Avec les gilets jaunes, la question sociale, celle de la dégradation généralisée des conditions matérielles semble être entrée par la petite porte de la question fiscale et d’une hostilité à un président des riches qui ne respecte plus aucune « économie morale » [44]. Dans la socialité des ronds-points et la dynamique émeutière plus métropolitaine, une fraction du prolétariat et de la classe moyenne prolétarisée frappée par la crise s’est manifestée indépendamment des cadres de la politique classique. Les gilets jaunes sont d’abord le symptôme de l’ampleur de la crise sociale et se donnent comme une révolte émancipée de l’encadrement des organisations issues du mouvement ouvrier. Celle-ci n’est d’aucune manière réductible à ses composantes les plus fascistoïdes.

Il est néanmoins établi que des thèses antisémites sont diffusées chez les gilets jaunes à une échelle relativement large, d’abord sur Internet, mais aussi dans les énoncés et les slogans que le mouvement s’est donnés [45]. Cet antisémitisme a des accents complotistes contre la « toute-puissance » de Rothschild, responsable de la « ruine de la France », et mêle l’association de la puissance politique et médiatique à Sion, la focalisation sur BFMTV et son patron Drahi, à des références récurrentes à la « Quenelle » soralo-dieudonnienne — le « Macron, une quenelle dans ton cul » n’est pas un slogan isolé –- voire des propos clairement négationnistes.

L’opinion libérale saute à pieds joint sur ces manifestations d’antisémitisme bien réelles. Contre le mouvement des gilets jaunes, la bourgeoisie française fait preuve de tout le mépris de classe qu’elle a en réserve. Elle se dédouane aussi des parts les plus sales de son histoire en les attribuant aux classes dangereuses.

Quant à la gauche radicale, lorsqu’elle n’a pas opté pour l’hostilité à une dynamique qui lui échappe largement, elle ne déroge le plus souvent pas à ses habitudes et ne prend aucunement la mesure du problème. Elle minimise cet antisémitisme ou ne parle que d’instrumentalisation dans une optique pseudo-tactique (ne pas nourrir l’offensive idéologique contre le mouvement).

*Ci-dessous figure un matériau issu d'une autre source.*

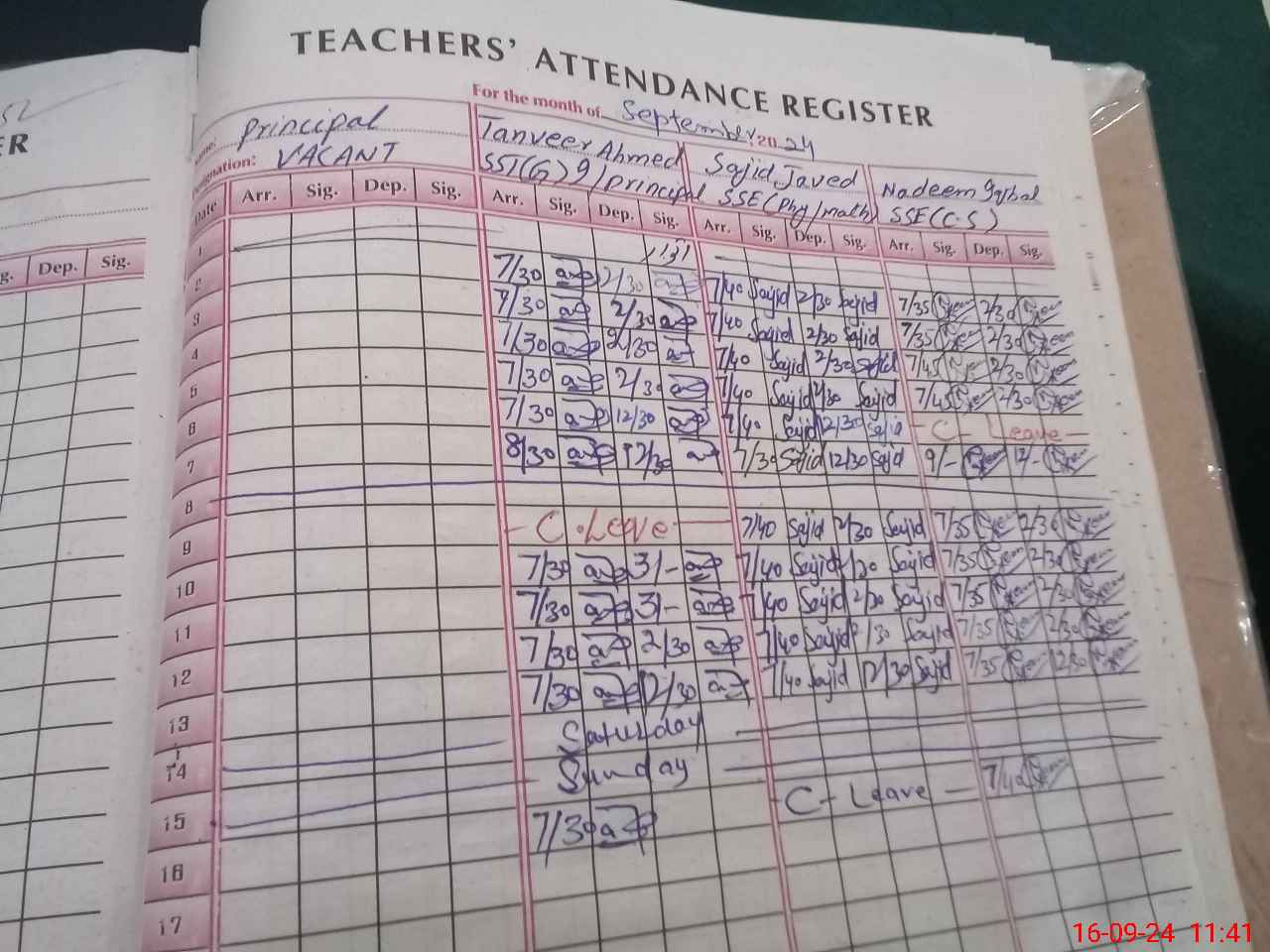 | CNIC | Full Name | Designation | R/C | Absence during last cal. month |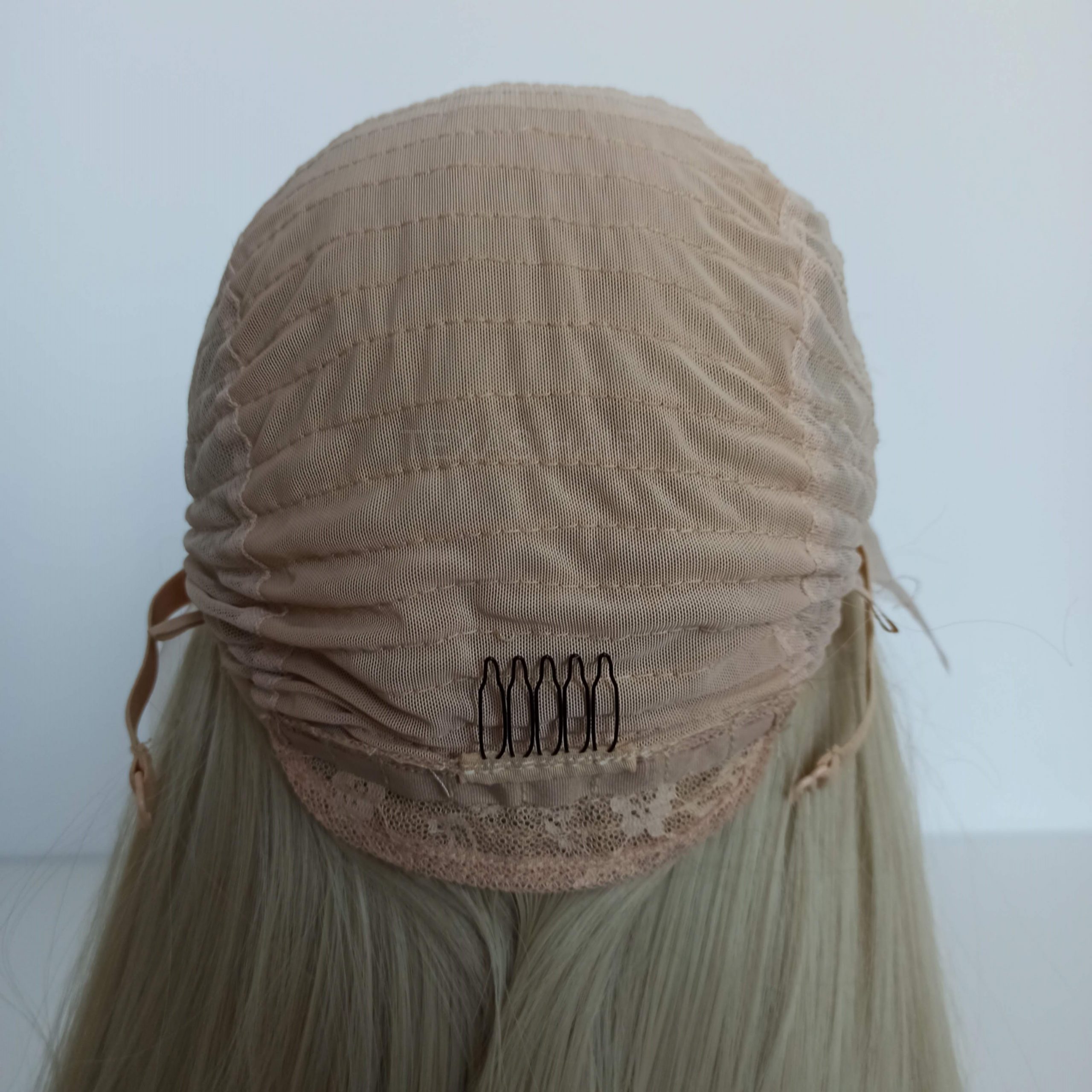 Wewnątrz peruki przymocowany jest pasek umożliwiający regulację obwodu, dzięki czemu peruka idealnie dopasowuje się do każdej głowy. Posiada również wsuwki umożliwiające spasowanie peruki z swoimi włosami.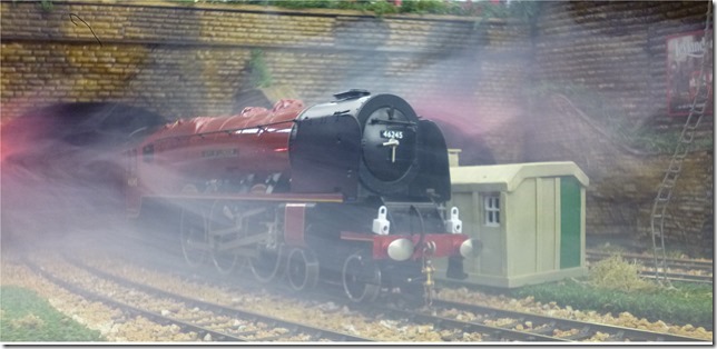 An Ace Trains Duchess emerges from a smoke filled tunnel

Qu’une vieille dame juive agressée à la fin de l’Acte VI par des gilets jaunes négationnistes ne porte pas plainte, doit-on en déduire que cette agression, qui n’est malheureusement pas isolée, n’est qu’ivrognerie [46] ? Dans ce cas, on s’interdirait de penser l’antisémitisme comme une violence raciste et ce qu’il implique, y compris pour les juives et juifs impliqués dans la dynamique des gilets jaunes. On s’empêcherait aussi de penser l’antisémitisme comme une véritable limite du mouvement.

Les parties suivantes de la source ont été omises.